# Which wheel set to spec on new Ribble? Rodi/ ITM?



## Altus (3 Mar 2012)

So just finalizing my order list for a Ribble Gran Fondo but unsure on the wheelsets they offer. Originally was going to choose the EVO but now thinking the ITM may be the better wheel. As this is the special bike builder I dont get the choice of Fulcrums unfortunately. Anyone got experience of these?

std fit 
http://www.ribblecycles.co.uk/sp/ro...i-Airline-4-Clinchers-Wheels-Pair/RODIWHFR200

+£18
http://www.ribblecycles.co.uk/sp/ro...Airline-Evo-Clinchers-Wheels-Pair/RODIWHFR220

+£28
http://www.ribblecycles.co.uk/sp/ro...-Road-Tri-ITM-Aero-24-Wheels-Pair/ITALWHFR130


----------



## gbb (3 Mar 2012)

Hiya Altus...just mentioned this subject in my post re Ribble...if you're looking in Special bikes in Ribble, the prices quoted DONT include VAT. VAT is added at checkout.
Looking in Bikebuilder, the prices shown as you build your bike DO include VAT.
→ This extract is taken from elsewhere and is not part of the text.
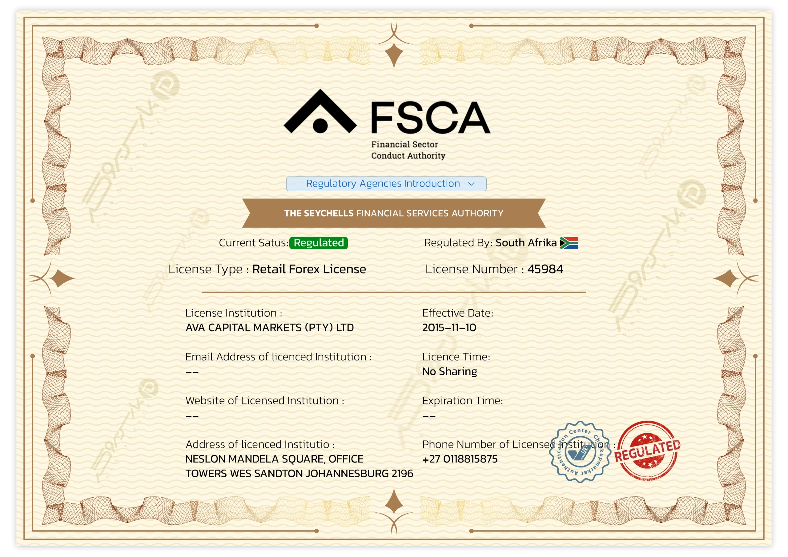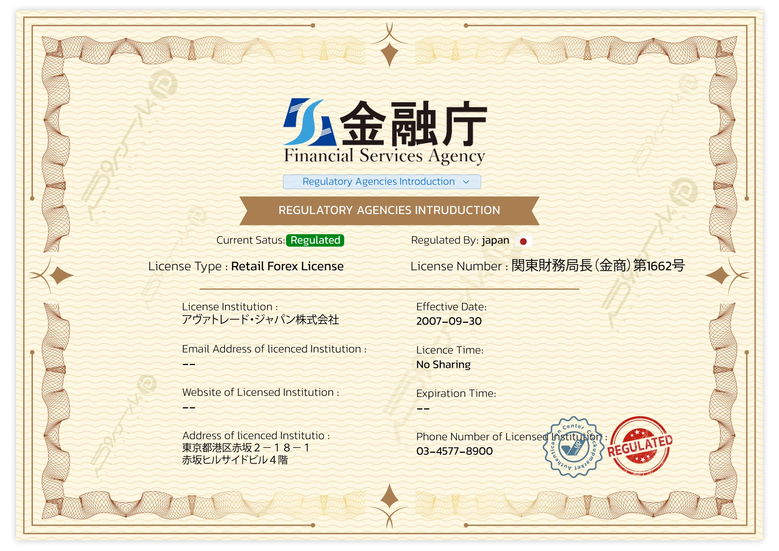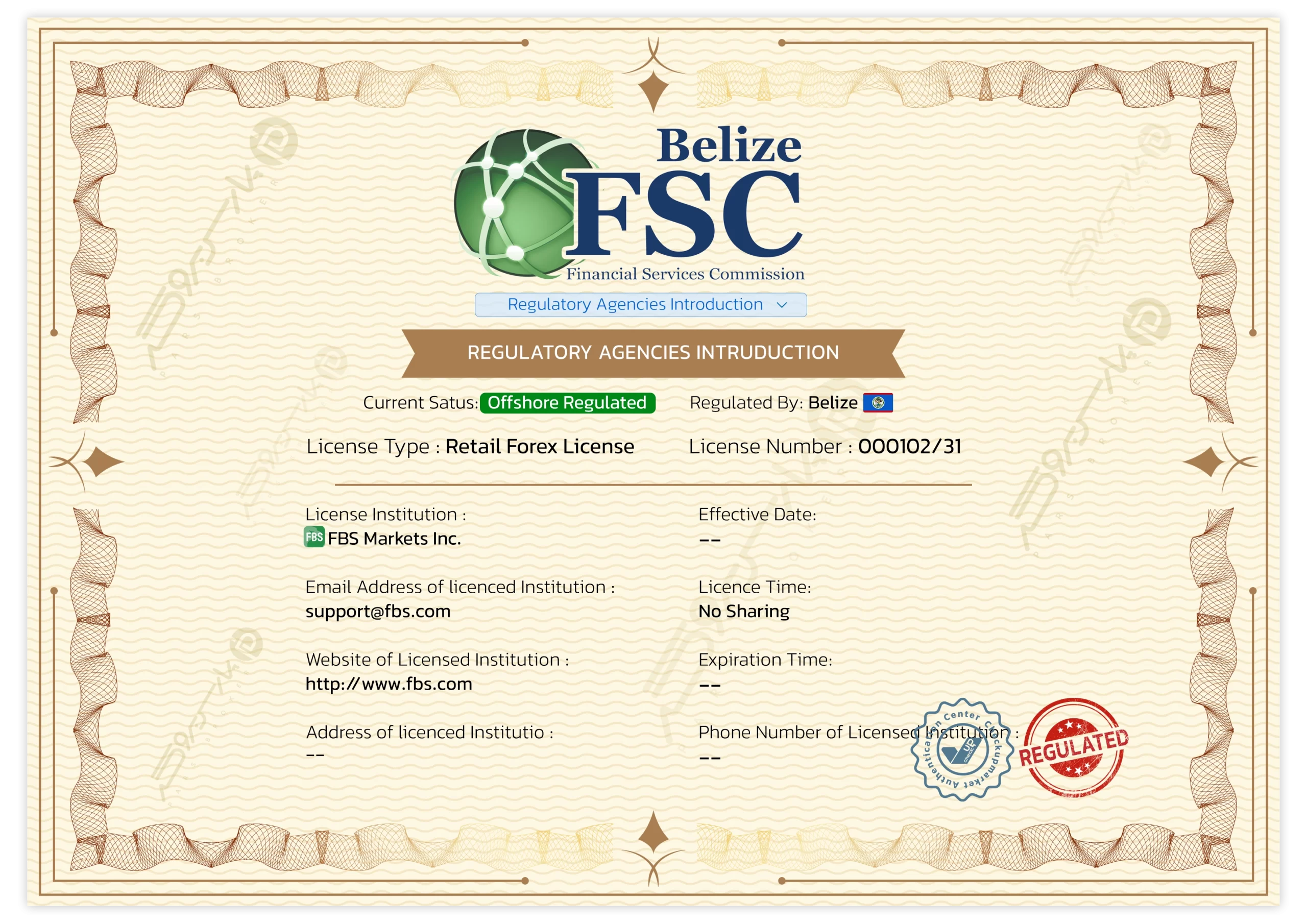 مجوزها | CBI (ایرلند) • ASIC (استرالیا) • FSCA (آفریقای جنوبی) • FSA (ژاپن) |

So, the point is, i think the Special section is just a tad cheaper by the time they add the VAT, but if you really want the Fulcrums, go to Bikebuilder, there's no difference (or very little) on the rest of the components. I just dont see the point of the Special section.

Edited to say, dsiregard this and see below ...


----------



## gbb (3 Mar 2012)

I was confused at the time, just did a comparison...same bike, same spec in both sections. I think the Special section came out £50 cheaper.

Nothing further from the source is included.